When my mother and I slept together again in a few nights she stroked my head and kissed my face a hundred times over and cried of how proud she was of me. So before I was nine I had learned the basic canon of Arab life. It was me against my brother; me and my brother against our father; my family against my cousins and the clan; the clan against the tribe; and the tribe against the world. And all of us against the infidel.

3


‘SUN, STAND THOU STILL at Gibeon; and thou, Moon, in the Valley of Ayalon.’ Thus, Joshua requested the light by which to smite his enemies.

The Village of Tabah occupies a small but strategic knoll in Ayalon, which has been described as both a valley and a plain. A German archaeological dig before the First World War determined that remnants of civilized man on this hillock dated back over four thousand years. If one were to come from the sea from Jaffa moving south and east toward Jerusalem, one would enter the plain through the twin guardian cities of Ramle and Lydda, where St. George the dragon slayer allegedly held court.

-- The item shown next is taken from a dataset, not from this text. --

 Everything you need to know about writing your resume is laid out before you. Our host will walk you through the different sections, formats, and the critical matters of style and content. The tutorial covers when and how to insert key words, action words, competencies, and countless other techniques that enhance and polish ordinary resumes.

Ten miles into the plain one would come upon the knoll where the Village of Tabah stands sentinel as the gateway to Jerusalem. Beyond Tabah the road takes on a tortuous uphill route, snaking along the bed of a steep ravine known as the Bab el Wad. The Bab el Wad squirms a dozen miles to the outskirts of Jerusalem.

Before Joshua’s battle, this was ancient Canaan, a land bridge between the powers of the Fertile Crescent Mesopotamia and Egypt. Then, as today, the land of Canaan lay like a morsel between the jaws of a crocodile, a passageway for invading armies. Waves of Semitic tribes drifted or swarmed into Canaan and settled to create a prebiblical civilization of city-states that were eventually conquered and absorbed by the nomadic Hebrew tribes.

After Joshua, the knoll of Tabah bore witness to the scourging armies of Assyria and Babylon, of Egypt and Persia, of Greece and Rome. It was the pale of the ill-fated Hebrew Tribe of Dan and the home of the errant Jewish judge, Samson. It knew the wheels of the Philistine chariot all too well.

It saw the great Jewish revolt against the Greeks, and here Judah, ‘the Hammerer,’ assembled his Maccabees for the assault to liberate Jerusalem.

It is said that Mohammed stopped at the knoll on his legendary overnight journey from Mecca to Jerusalem and back, riding his mythical horse, el-Buraq, which had the face of a woman, the tail of a peacock, and could gallop in a single stride as far as the eye could see. Mohammed, any villager will tell you, leaped from the knoll at Tabah and landed in Jerusalem.